C8Y cloud might publish c8y_SoftwareUpdate(528) and also other operations.
The mapper has responsibility to keep all received PENDING operations in FIFO queue.
The mapper considers that SM Agent is ready for receiving a new operation either when it receives Operation status SUCCESSFUL/FAILED + current SoftwareList or when it receives device capability (at agent startup only).
SM Agent can process only one Software Update operation at one time. Therefore, c8y Mapper should pick up the oldest c8y_SoftwareUpdate operation.
C8Y UI blocks to create more than one c8y_SoftwareUpdate operation at the same time. However, still user can create more than one operation from REST API.
If one operation includes a couple of packages updates, and if one of those package failed, we have to send FAILED.

Mapping to/from C8Y

Device Capabilities

Interpret Device Capabilities to SmartREST Set Supported Operations (114)

Device capabilities are reported as empty messages published to dedicated topics.

Name in Thin Edge	Topic	C8Y Name
Software Update	tedge/capabilities/software/update	c8y_SoftwareUpdate
Software List	tedge/capabilities/software/list	unused
Software Sync	tedge/capabilities/software/sync	unused

C8Y Mapper needs to report only c8y_SoftwareUpdate from this table, therefore, the mapper needs to subscribe only tedge/capabilities/software/update. If the mapper observed that an empty payload message is published, the mapper

publishes an empty payload message to tedge/capabilities/software/update to clear the retained message.
publishes SmartREST(114) to c8y/s/us as follwing.

114,c8y_SoftwareUpdate

Future Extension:
If C8Y Mapper supports more than c8y_SoftwareUpdate operation (e.g. c8y_Restart), the mapper should subscribe more capabilities topics, and sends corresponded C8Y SupportedOpeation types with one 114 message.

Software List Operation

Send Thin Edge JSON Software List Request

Outgoing on the topic tedge/commands/req/software/list to SM Agent.

{
    "id": 123
}

The mapper must generate a unique ID. Refer to SM Agent specification for more details.

Translate from Thin Edge JSON Software List Response to SmartREST Set Software List (116)

The Thin Edge JSON message comes on the topic tedge/commands/res/software/list from SM Agent.

{
    "id": 123,
    "status": "successful",
    "currentSoftwareList": [
        {
            "type": "debian",
            "modules": [
                {
                    "name": "nodered",
                    "version": "1.0.0"
                },
                {
                    "name": "collectd",
                    "version": "5.7"
                }
            ]
        },
        {
            "type": "docker",
            "modules": [
                {
                    "name": "nginx",
                    "version": "1.21.0"
                },
                {
                    "name": "mongodb",
                    "version": "4.4.6"
                }
            ]
        }
    ]
}

The mapper translates the Thin Edge JSON message to SmartREST (116) format.

We set rules how to represent type in C8Y Cloud since C8Y doesn't have type field in c8y_SoftwareList structure.

The mapper adds type as a suffix of a package version after :: (double-colon) if provided.

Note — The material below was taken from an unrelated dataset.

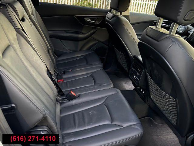Navigation system: Audi MMI Navigation plus with Touch Response, 10 Speakers, AM/FM radio: SiriusXM w/ 360L, Radio data system, Radio: Audi Sound System, Air Conditioning, Automatic temperature control, Front dual zone A/C, Rear air conditioning, Rear window defroster, Memory seat, Power driver seat, Power steering, Power windows, Remote keyless entry, Steering wheel memory, Steering wheel mounted audio controls, Four wheel independent suspension, Speed-sensing steering, Traction control, 4-Wheel Disc Brakes, ABS brakes, Dual front impact airbags, Dual front side impact airbags, Emergency communication system: Audi connect CARE, Front anti-roll bar, Low tire pressure warning, Occupant sensing airbag, Overhead airbag, Rear anti-roll bar, Rear side impact airbag, Power moonroof: Panoramic, Power Liftgate, Brake assist, Electronic Stability Control, Exterior Parking Camera Rear, Auto High-beam Headlights, Delay-off headlights, Front fog lights, Fully automatic headlights, Rear fog lights, Panic alarm, Security system, Speed control, Auto-dimming door mirrors, Bumpers: body-color, Heated door mirrors, Power door mirrors, Roof rack: rails only, Spoiler, Turn signal indicator mirrors, Auto-dimming Rear-View mirror, Compass, Driver door bin, Driver vanity mirror, Front reading lights, Garage door transmitter: HomeLink, Genuine wood door panel insert, Illuminated entry, Leather Shift Knob, Leather steering wheel, Outside temperature display, Overhead console, Passenger vanity mirror, Rear reading lights, Rear seat center armrest, Tachometer, Telescoping steering wheel, Tilt steering wheel, Trip computer, 3rd row seats: bench, Front Bucket Seats, Front Center Armrest, Heated Front Bucket Seats, Heated front seats, Leather Seating Surfaces, Power passenger seat, Reclining 3rd row seat, Split folding rear seat, Passenger door bin, Alloy wheels, Wheels: 19" 5-Arm-Star Design, Rain sensing wipers, Rear window wiper, Variably intermittent wipers, 3.204 Axle Ratio

If a version contains ::, the mapper adds :: at the end of version even the type is default.
- Example 1: if the package type is debian, and the version is 1.0.0, the version that the mapper reports is 1.0.0::debian.
- Example 2: if the package type is blank (meaning the agent uses the "default" type), and the version is 1.0.0, the version that the mapper reports is 1.0.0.
- Example 3: if the package type is debian, and the version is 1.0.0::1 (containing :: delimiter as a package version), the version that mapper reports is 1.0.0::1::debian.
- Example 4 (corner case): if the package type is blank, and the version is 1.0.0::1 (containing :: delimiter as a package version), the version that mapper reports is 1.0.0::1::.
Keep URL fields blank.

The SmartREST(116) message goes out on the topic c8y/s/us to Mosquitto bridge.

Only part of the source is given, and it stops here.